Dataset entries
········

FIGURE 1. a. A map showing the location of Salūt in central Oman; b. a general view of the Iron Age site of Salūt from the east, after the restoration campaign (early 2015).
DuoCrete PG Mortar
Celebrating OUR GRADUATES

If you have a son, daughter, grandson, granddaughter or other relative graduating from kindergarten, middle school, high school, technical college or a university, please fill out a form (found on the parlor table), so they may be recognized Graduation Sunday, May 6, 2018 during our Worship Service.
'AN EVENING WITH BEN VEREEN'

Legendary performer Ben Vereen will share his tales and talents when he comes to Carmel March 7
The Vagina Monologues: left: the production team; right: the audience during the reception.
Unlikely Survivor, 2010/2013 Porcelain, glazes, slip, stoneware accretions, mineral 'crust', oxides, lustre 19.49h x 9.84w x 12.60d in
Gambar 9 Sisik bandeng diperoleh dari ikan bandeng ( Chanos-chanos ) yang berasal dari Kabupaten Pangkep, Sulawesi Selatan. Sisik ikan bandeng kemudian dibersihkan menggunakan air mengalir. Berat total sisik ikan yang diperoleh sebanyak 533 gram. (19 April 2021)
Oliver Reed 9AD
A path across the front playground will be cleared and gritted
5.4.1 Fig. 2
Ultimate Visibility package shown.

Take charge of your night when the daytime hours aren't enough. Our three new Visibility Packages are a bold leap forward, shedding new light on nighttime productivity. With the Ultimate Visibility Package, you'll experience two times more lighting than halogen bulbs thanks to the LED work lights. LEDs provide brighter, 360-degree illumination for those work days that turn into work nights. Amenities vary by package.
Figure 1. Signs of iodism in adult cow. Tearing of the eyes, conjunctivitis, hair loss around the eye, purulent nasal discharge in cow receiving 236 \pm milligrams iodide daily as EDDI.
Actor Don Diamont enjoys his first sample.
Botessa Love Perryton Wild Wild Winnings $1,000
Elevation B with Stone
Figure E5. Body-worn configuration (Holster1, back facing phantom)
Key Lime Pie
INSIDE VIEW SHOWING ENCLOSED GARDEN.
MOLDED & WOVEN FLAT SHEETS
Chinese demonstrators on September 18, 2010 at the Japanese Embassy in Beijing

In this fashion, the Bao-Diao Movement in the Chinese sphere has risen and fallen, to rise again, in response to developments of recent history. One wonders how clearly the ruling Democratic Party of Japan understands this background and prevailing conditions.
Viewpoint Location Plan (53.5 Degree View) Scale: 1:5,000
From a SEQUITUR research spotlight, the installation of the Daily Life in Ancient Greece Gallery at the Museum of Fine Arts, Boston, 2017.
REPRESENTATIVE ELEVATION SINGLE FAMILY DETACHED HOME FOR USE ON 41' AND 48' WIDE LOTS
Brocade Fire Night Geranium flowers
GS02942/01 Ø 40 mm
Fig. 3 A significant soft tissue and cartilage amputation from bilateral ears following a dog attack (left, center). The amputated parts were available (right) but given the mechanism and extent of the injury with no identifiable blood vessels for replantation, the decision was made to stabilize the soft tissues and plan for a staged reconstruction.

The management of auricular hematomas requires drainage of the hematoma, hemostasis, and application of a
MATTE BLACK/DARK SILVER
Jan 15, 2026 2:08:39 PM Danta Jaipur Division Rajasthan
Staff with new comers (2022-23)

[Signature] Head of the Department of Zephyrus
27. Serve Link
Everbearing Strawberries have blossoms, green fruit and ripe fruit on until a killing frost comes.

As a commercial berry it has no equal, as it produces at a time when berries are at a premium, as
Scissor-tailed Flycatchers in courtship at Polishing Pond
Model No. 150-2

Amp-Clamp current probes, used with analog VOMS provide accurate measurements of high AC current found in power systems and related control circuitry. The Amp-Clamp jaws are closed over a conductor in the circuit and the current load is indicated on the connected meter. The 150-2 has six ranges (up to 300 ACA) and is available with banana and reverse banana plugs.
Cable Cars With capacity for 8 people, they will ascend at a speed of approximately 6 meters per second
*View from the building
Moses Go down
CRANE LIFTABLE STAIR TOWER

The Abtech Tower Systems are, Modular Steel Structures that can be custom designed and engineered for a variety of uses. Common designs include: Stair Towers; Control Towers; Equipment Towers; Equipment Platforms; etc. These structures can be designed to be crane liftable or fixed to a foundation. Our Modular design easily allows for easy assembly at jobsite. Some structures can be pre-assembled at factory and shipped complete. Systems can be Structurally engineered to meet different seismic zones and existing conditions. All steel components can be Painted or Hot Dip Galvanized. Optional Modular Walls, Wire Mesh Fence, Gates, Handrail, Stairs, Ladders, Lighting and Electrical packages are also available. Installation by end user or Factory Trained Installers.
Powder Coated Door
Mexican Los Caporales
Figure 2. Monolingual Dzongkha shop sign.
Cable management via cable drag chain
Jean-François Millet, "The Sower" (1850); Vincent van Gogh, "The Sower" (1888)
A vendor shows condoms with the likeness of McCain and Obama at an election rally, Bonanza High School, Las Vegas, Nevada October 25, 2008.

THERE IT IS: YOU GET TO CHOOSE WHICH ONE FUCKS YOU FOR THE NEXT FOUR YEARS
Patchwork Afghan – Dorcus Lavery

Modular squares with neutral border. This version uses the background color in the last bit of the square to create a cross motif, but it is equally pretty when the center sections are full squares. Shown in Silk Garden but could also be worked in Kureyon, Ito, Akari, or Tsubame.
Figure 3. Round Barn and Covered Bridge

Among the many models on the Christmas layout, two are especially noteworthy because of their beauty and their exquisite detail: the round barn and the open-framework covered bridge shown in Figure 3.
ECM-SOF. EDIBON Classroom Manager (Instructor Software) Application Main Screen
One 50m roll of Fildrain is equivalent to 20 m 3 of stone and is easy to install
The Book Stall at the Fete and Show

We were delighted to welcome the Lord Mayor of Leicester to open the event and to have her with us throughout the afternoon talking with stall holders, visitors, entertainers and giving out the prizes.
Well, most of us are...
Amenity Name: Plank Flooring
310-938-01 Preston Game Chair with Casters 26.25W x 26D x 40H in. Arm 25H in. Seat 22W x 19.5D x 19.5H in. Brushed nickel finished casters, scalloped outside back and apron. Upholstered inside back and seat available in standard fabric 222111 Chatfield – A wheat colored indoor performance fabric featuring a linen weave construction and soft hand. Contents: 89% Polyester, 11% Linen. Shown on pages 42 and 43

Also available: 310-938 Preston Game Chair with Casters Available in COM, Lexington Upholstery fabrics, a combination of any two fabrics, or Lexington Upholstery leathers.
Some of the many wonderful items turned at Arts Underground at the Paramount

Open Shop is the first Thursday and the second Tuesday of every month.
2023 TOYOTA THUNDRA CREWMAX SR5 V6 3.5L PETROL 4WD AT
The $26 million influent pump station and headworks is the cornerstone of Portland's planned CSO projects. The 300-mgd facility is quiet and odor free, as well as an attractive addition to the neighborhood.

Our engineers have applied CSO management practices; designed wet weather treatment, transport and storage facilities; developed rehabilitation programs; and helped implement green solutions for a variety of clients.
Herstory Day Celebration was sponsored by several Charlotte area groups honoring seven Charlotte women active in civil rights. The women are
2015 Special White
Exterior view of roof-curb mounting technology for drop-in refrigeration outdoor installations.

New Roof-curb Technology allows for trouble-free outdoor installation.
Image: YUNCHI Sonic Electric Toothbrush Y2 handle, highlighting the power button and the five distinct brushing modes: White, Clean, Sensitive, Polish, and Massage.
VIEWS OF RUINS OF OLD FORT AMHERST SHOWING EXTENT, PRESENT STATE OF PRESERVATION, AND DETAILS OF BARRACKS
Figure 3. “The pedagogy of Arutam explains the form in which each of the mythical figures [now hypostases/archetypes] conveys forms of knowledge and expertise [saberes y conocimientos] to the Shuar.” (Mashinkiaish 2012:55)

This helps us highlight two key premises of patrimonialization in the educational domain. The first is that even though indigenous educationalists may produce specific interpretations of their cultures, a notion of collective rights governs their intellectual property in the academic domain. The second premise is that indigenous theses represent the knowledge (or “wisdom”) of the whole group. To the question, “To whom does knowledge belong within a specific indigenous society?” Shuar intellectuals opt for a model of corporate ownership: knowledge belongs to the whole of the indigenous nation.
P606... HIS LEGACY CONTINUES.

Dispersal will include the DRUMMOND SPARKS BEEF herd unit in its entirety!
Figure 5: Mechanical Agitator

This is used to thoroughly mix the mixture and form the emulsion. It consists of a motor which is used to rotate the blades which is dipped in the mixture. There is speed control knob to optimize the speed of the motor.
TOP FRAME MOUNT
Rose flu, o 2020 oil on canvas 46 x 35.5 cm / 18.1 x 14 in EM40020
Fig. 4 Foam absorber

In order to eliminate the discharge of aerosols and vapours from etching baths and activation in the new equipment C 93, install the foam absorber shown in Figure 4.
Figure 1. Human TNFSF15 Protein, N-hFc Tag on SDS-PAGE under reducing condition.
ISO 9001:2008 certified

········

**TASK BRIEF:**
Please return every line of the records that contains the word "Ultimate".

**ANSWER SPACE:**
Ultimate Visibility package shown.
Take charge of your night when the daytime hours aren't enough. Our three new Visibility Packages are a bold leap forward, shedding new light on nighttime productivity. With the Ultimate Visibility Package, you'll experience two times more lighting than halogen bulbs thanks to the LED work lights. LEDs provide brighter, 360-degree illumination for those work days that turn into work nights. Amenities vary by package.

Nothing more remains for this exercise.